Accompanied by Hank Troy
THE SALVATION HUNTERS
Director: Josef von Sternberg
Sunday, Sept. 14, 10 a.m.
This is the first feature by the famous, and sometimes infamous, von Sternberg, who went on to make The Docks of New York, Underworld, and a series of increasingly perverse films with Marlene Dietrich. His obsession with complex visual images is already present in this story of an unhappy couple and child living on the docks until they finally decide to seek a different life. With Georgia Hale, George K. Arthur and Bruce Guerin.
Accompanied by Perc Ens; In partnership with Swallow Hill Music
THE ADVENTURES OF PRINCE ACHMED
Director: Lotte Reiniger
Sunday, Sept. 14, 12:15 p.m.
The magical adventures of a prince who rides a flying horse. Prince Achmed is the earliest surviving feature-length animated film. Lotte Reiniger was 26 when she started the film; she’d taught herself the ancient art of shadow plays, learned to cut silhouettes as a child and attended Max Reinhardt’s drama school, where she fell in with a bunch of young avant-gardists interested in film. Karl Koch and Reiniger developed an early multi-plane animation camera, and all in all it took about three years to make this astonishing film.
Accompanied by Tenia Nelson
BLIND HUSBANDS
Director: Erich von Stroheim
Sunday, Sept. 14, 2:30 p.m.
Former DSFF honoree Richard Koszarski writes that von Stroheim’s “Blind Husbands was the most impressive directing debut in Hollywood history,” until Orson Welles made Citizen Kane in 1941. The picture centers on an American couple on vacation in Italy’s Dolomites and looks at morals and mores in the behavior of people at a resort. With Erich von Stroheim, Francelia Billington, Sam De Grasse, and Gibson Gowland
Accompanied by Hank Troy
DIARY OF A LOST GIRL
Closing Night – Sunday, Sept. 14, 5:15 p.m.
Director: G.W. Pabst
Louise Brooks was far less than the international phenomenon she became when she first arrived in Germany in 1926 to make the scandalous Pandora’s Box with Pabst. Diary mounted another serious attack on bourgeois German morality with its story of a young girl raped, and sent to a morally rigid “reform school” from which she escapes and eventually works in a brothel before finding a way to rise in social standing.
Accompanied by Rodney Sauer
Sponsors
Prime Meridian Media, Sheila Rucki and Michael Mitchel, Classic Pianos, Swallow Hill Music, Bonfils Stanton Foundation, SCFD (Scientific and Cultural Facilities District)
About Denver Film
Denver Film has been transforming and entertaining the Colorado community through the power of diverse voices in film since 1978. Operating as the region’s only membership-based, 501(c)(3) nonprofit film institution, Denver Film has grown into a signature cultural organization in the West, screening international and independent movies found nowhere else in the region.

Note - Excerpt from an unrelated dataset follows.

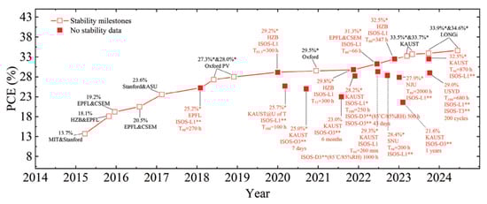 While 2T PSTSCs have achieved certified PCEs exceeding 34%, stability issues in PSTSCs remain a fundamental challenge. A timeline of perovskite/silicon tandem cell stability over the last decade is shown in Figure 7. Current stability assessments primarily follow International Summit on Organic Photovoltaic Stability (ISOS) guidelines, as conventional International Electrotechnical Commission (IEC) standards fail to adequately address halide perovskite-specific ion migration mechanisms. A certified 25.9%-efficient single-junction device maintains 94.8% initial PCE after 10,488 h dark storage (25 ± 2 °C, N2 environment) but conversely exhibits 10% power output degradation within 100 h of continuous illumination (AM 1.5G, 1 sun, 25 ± 2 °C, N2 environment) [38].

Serving more than 160,000 patrons annually through 600-plus screenings that include year-round programming at Denver Film’s flagship home the Sie (pronounced SEE) FilmCenter, the annual Denver Film Festival celebration, the iconic Film on the Rocks program at Red Rocks Amphitheater, and Spotlight Festivals including CinemaQ, Women+Film, and the Colorado Dragon Boat Film Festival. Spotlights highlight underrepresented communities and foster inclusivity. Denver Film works to build resilience across all of its programming and events by amplifying diverse voices, promoting equity, and fostering community connections.

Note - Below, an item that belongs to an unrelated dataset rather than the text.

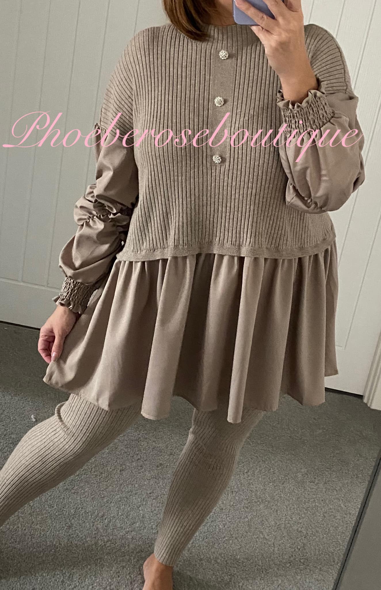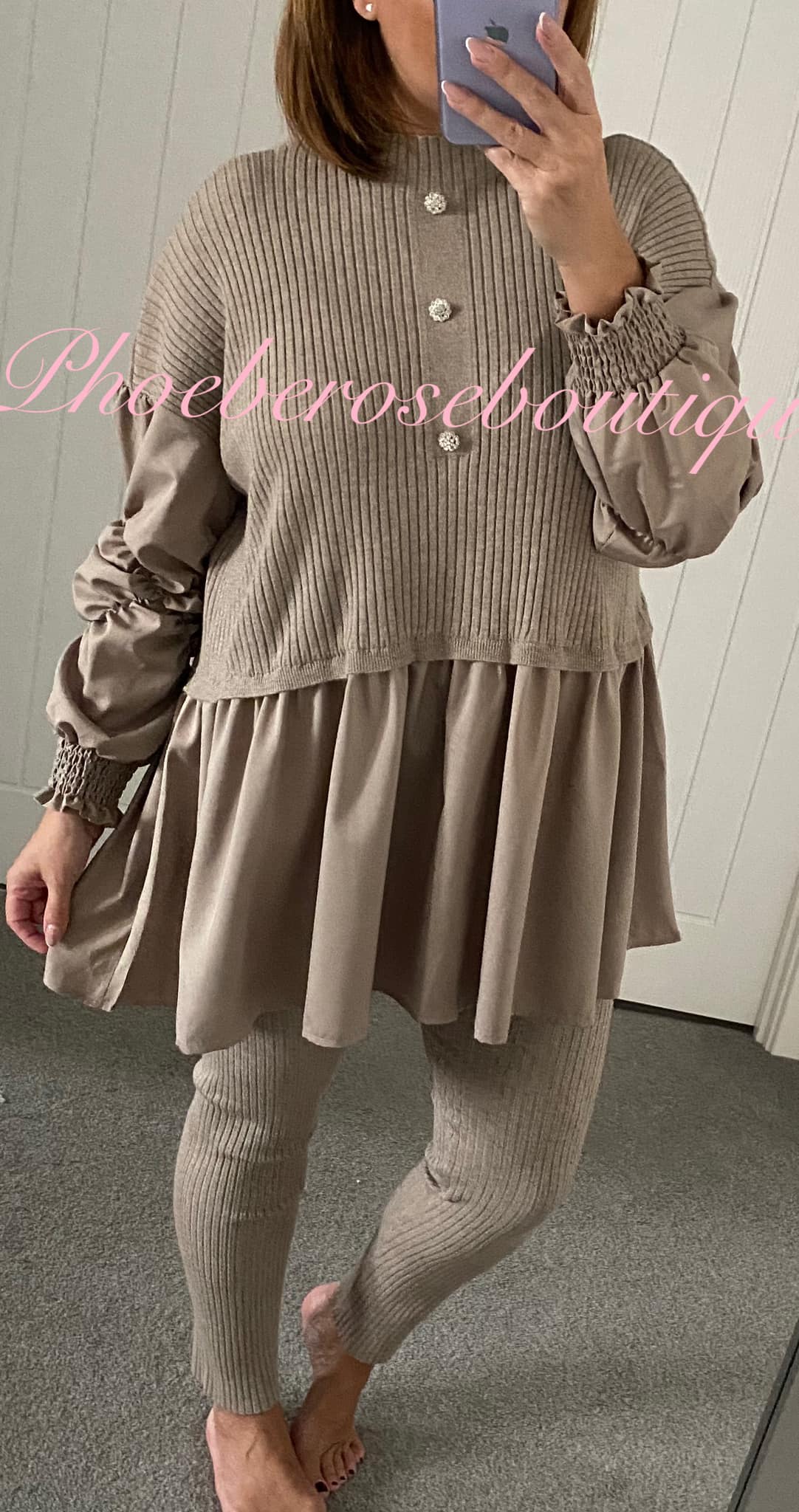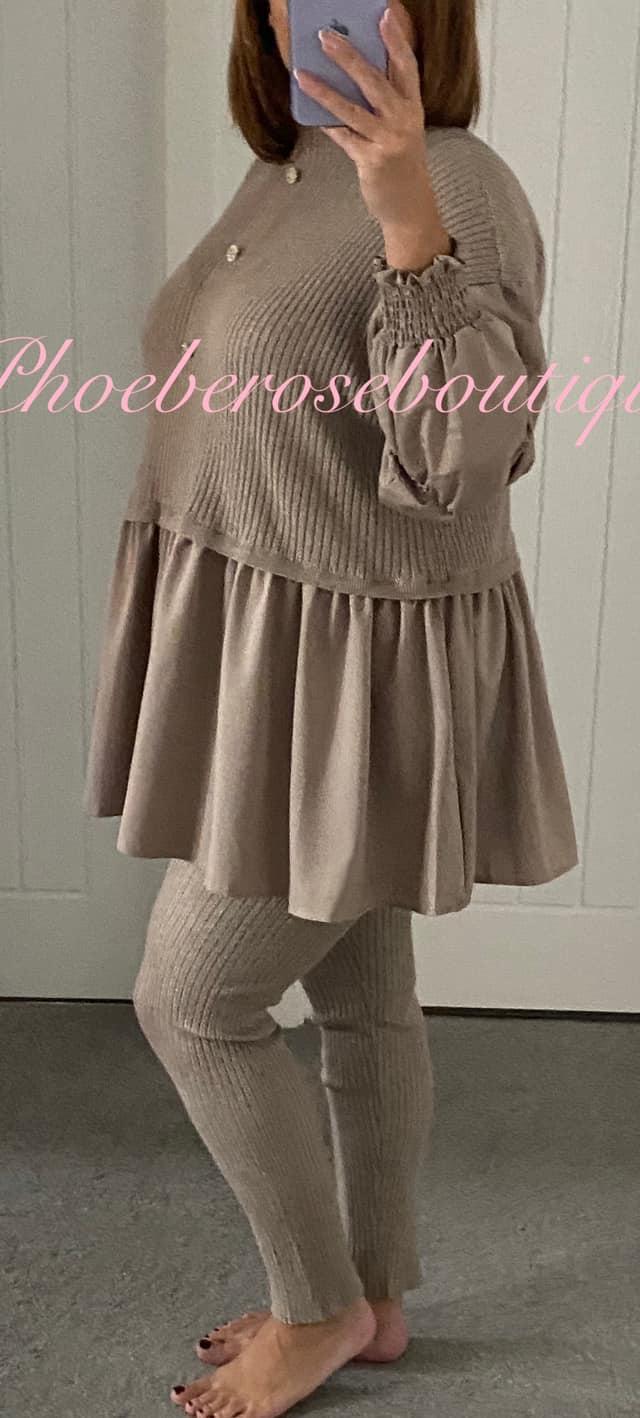 Satin Frill Soft Knit Ribbed Diamante Button Lounge-Suit – Mocha

About Denver Silent Film Festival
The Denver Silent Film Festival was established in September 2010. The Denver Silent Film Festival presents a broad spectrum of silent film by programming a lively and thought-provoking mix of educational and entertaining films. American and foreign classics, as well as lesser-known rare and restored films will be presented.